Please give again exactly the lines from the top of the material through the line with "This bingo card"; omit each picture.
*** Opening of DATA SUPPLIED ***
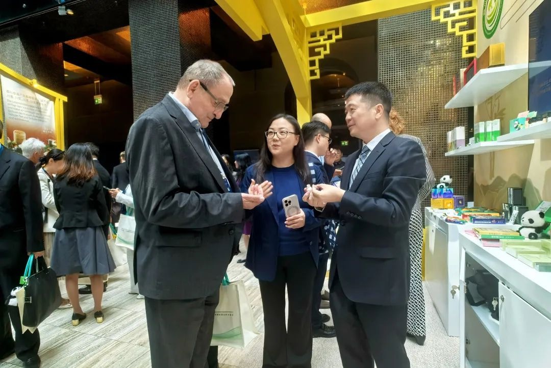 游勇向德國AVIAREPS公司負責人介紹集團情況和文創產品、精品旅游線路產品
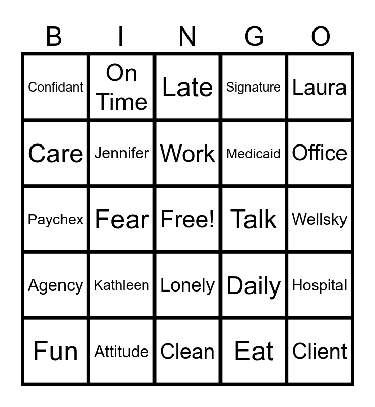 This bingo card has a free space and 24 words: Kathleen, Attitude, Work, Fun, Laura, Confidant, Care, On Time, Talk, Lonely, Medicaid, Paychex, Daily, Hospital, Jennifer, Eat, Wellsky, Late, Office, Fear, Client, Agency, Signature and Clean.
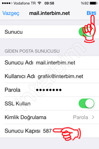 17) Açılan sayfada "Giden Posta Sunucusu" bölümünün altında bulunan "Sunucu Kapısı" değerini "587" olarak değiştirip "Bitti" düğmesine dokunuyoruz. Bu adımla beraber e-posta kurulumunuz gerçekleşmiş olacaktır. Artık e-posta alıp gönderme işlemlerinizi iOS 7 işletim sistemine sahip IPhone'nunuzdan yapabilirsiniz.
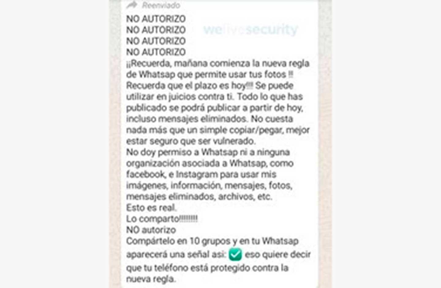 Recientemente un equipo de expertos de Eset, compañía especializada en ciberseguridad, detectó un mensaje falso que circula en WhatsApp indicando que es posible evitar o "no autorizar" que la aplicación aplique los cambios en las políticas de privacidad, relacionadas con los datos del usuario.
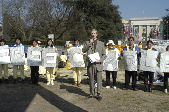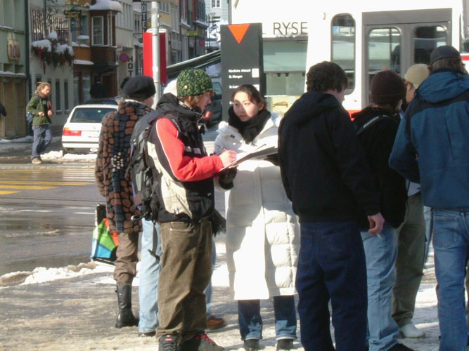 Published on 3/8/2005 		瑞士:征签营救在中国遭非法关押的法轮功学员(图)
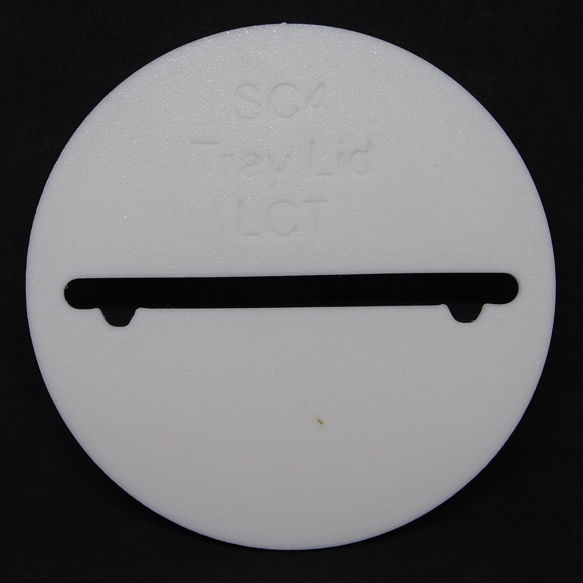This set of dies extrudes a small tray and matching lid. The tray is 3 3/4" wide and 1 1/2" tall. The die fits in Scott Creek 4" round clay extruders. The end cutter cuts a shape that matches the ends of the tray.
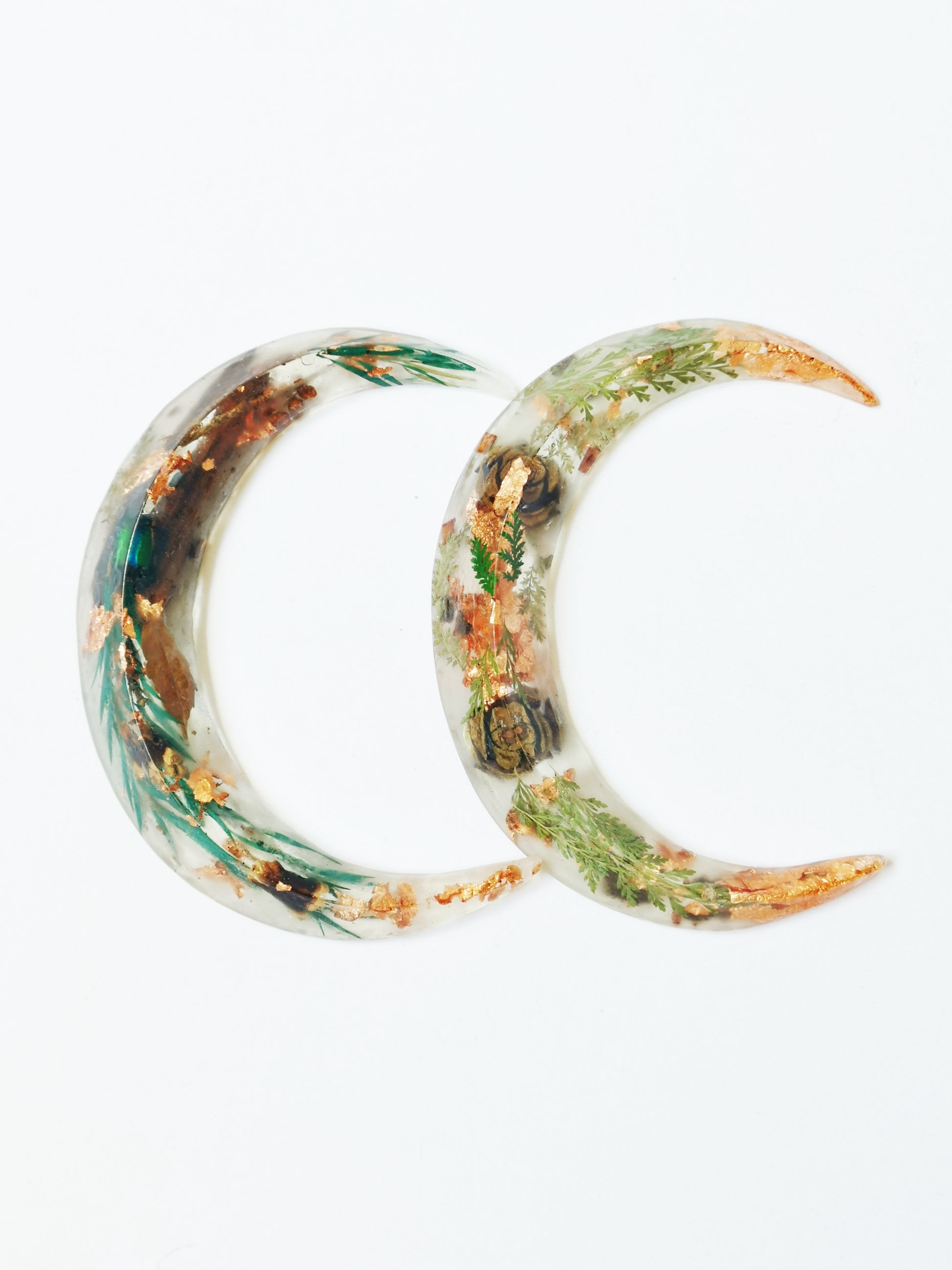 Apportez une touche magique à votre look avec une Lune ornementale. Fabriquée en résine et polie à la main, cette ornement de cheveux se décline en une version fleurie avec des fleurs séchées ou avec une couleur unie. Offrez-vous une touche luxueuse et intemporelle!
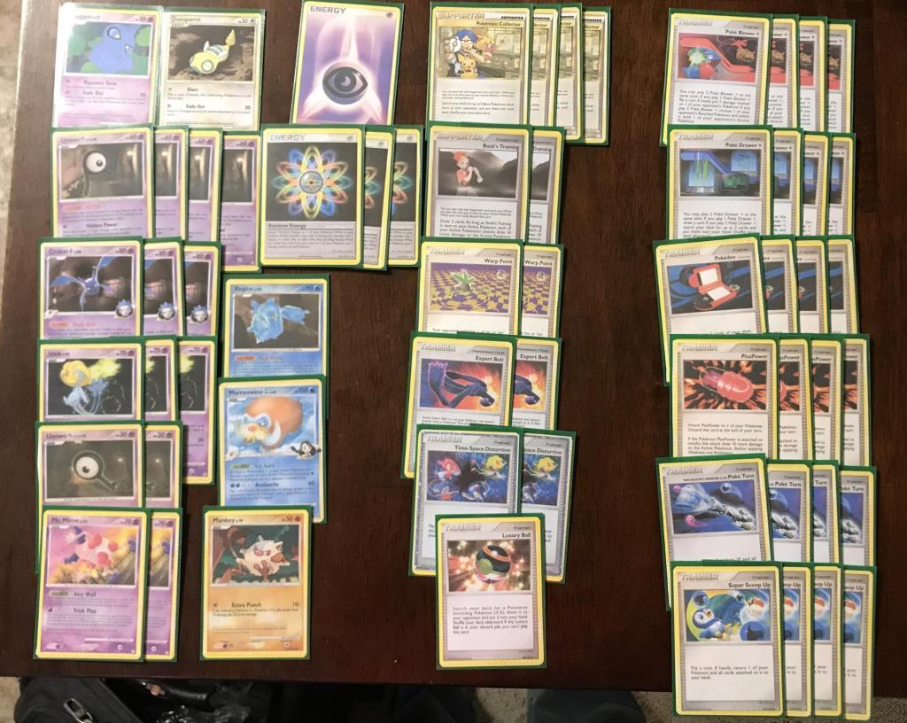 | 1 Shuppet 1 Dunsparce 4 Unown R 3 Uxie 3 Crobat G 2 Mr. Mime 2 Unown Q 1 Regice 1 Mamoswine GL 1 Mankey | 4 Pokémon Collector 2 Buck’s Training 4 Poké Blower + 4 Poké Drawer + 4 Poké Turn 4 PlusPower 4 Pokédex HANDY910is 4 Super Scoop Up 2 Warp Point 2 Time-Space Distortion 2 Expert Belt 1 Luxury Ball | 3 Rainbow Energy 1 Psychic Energy |
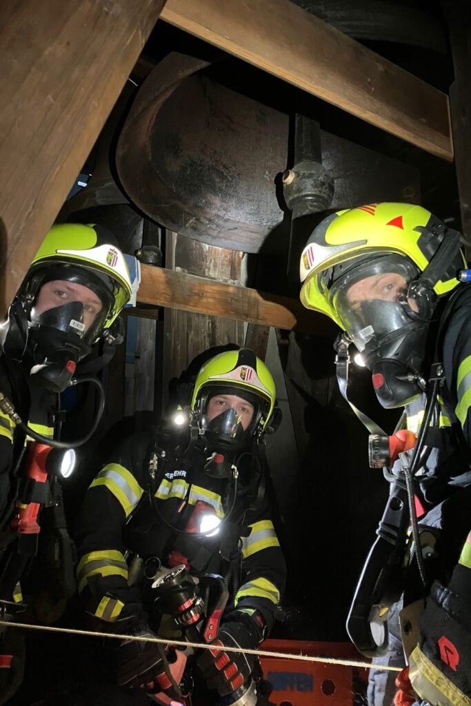 Als Einsatzbefehl wurde von der Übungsleitung „Brand Kirchturm mit vermisster Person“ gemeldet. Umgehend rückten die Florianis zum Übungsort aus. Dort angekommen, bereiteten sich zwei Atemschutztrupps vor, wovon der erste mit einer Schlauchleitung den Kirchturm hinaufstieg und den Brandherd suchte. Währenddessen machte der zweite Trupp sich mittels Wärmebildkamera auf den weg, und begann die Personensuche. Besonders erschwerend war die schmale und steile Treppe den Turm hinauf, wobei immer ein besonderes Augenmerk auf das Schlauchmanagement gelegt werden musste.
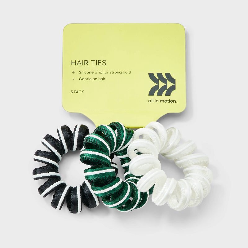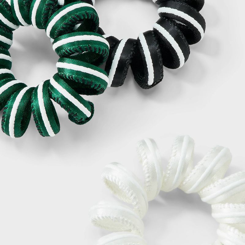 - Must-have features: 3 oversized spiral hair ties, fabric-covered layer in textured white, green-and-white and black-and-white patterns, silicone grip for strong hold, gentle on hair, suitable for all hair types, recommended for ages 15 years and above
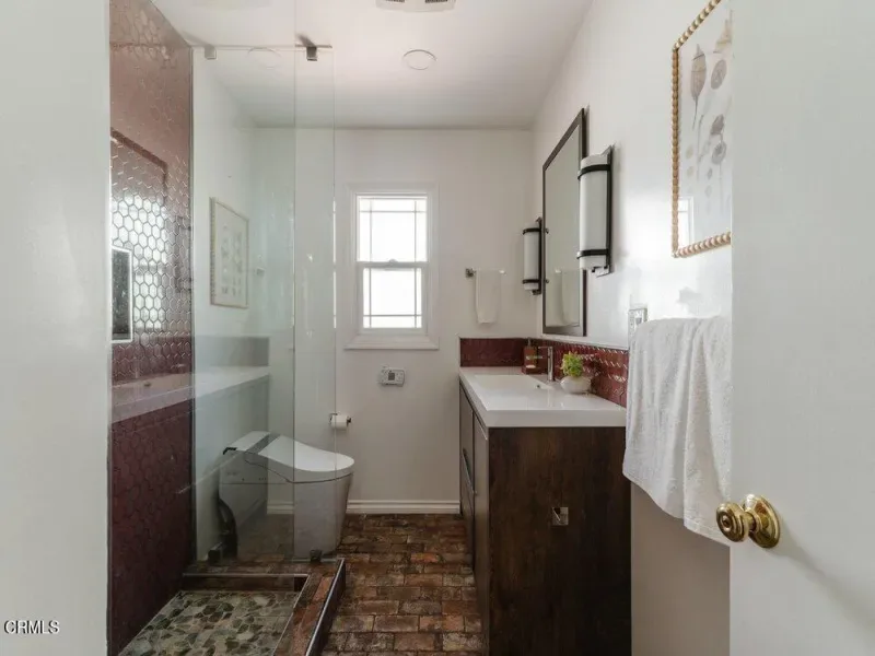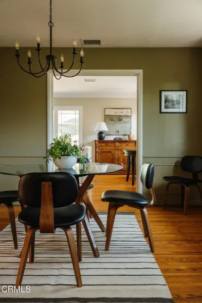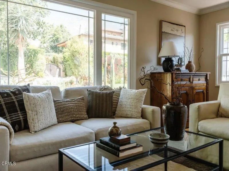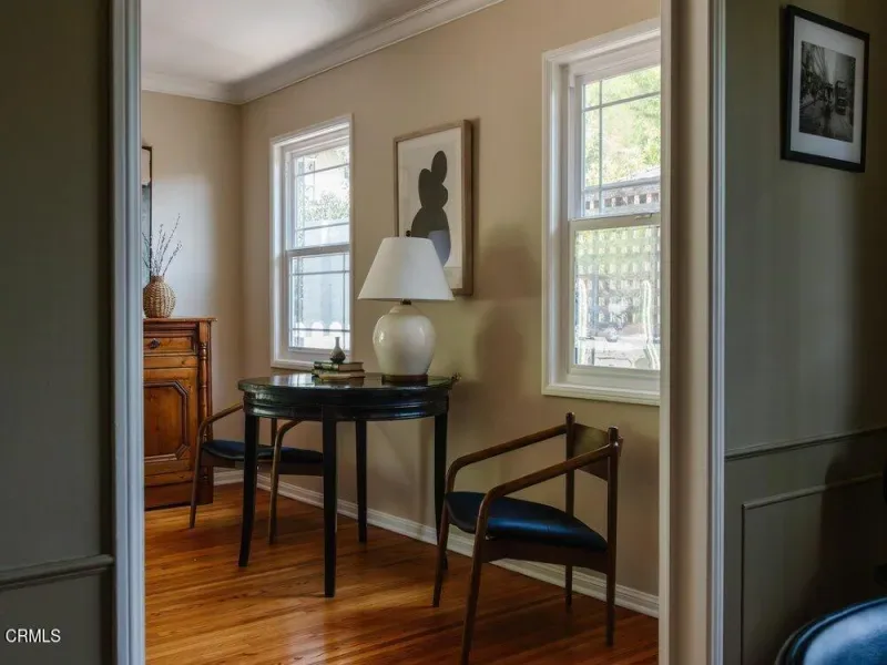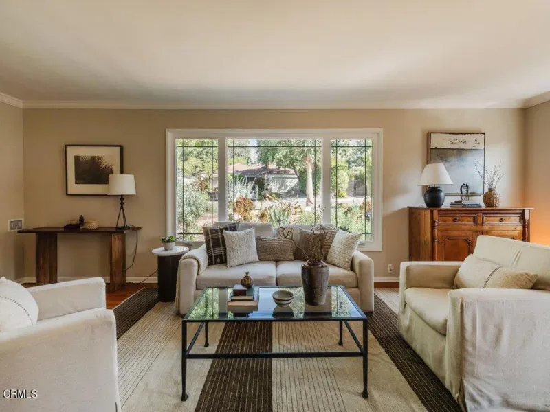 This graceful Traditional home is nestled in a quiet neighborhood close to the Altadena golf course. Inside, enjoy a bright living room with an elegant picture window, a floor-to-ceiling brick fireplace, and gleaming hardwood floors. The formal dining room embellished with wainscotting leads to both the family room & kitchen. Take in the lush backyard through the expansive corner window in this stylish kitchen with navy cabinets, Bianco Carrara countertops & rustic Saltillo tile floors. The spacious family room features yet another fireplace & French doors that open to the outdoors, creating a seamless indoor-outdoor transition. Three spacious bedrooms & two bathrooms complete this comfortable floorplan. The main bathroom has been redesigned with a large vanity & dramatic finishes. Outside, the deck is complete with a convenient BBQ area, ideal for entertaining. The backyard has been lovingly landscaped to feel like a private oasis. Meander down the path to a shaded pergola where you can relax & enjoy the abundant greenery & stunning pond. And tucked just behind the garage is a wonderful office space measuring 222 sqft!
*** Close of DATA SUPPLIED ***
RESPONSE TO THE TASK:
 游勇向德國AVIAREPS公司負責人介紹集團情況和文創產品、精品旅游線路產品
 This bingo card has a free space and 24 words: Kathleen, Attitude, Work, Fun, Laura, Confidant, Care, On Time, Talk, Lonely, Medicaid, Paychex, Daily, Hospital, Jennifer, Eat, Wellsky, Late, Office, Fear, Client, Agency, Signature and Clean.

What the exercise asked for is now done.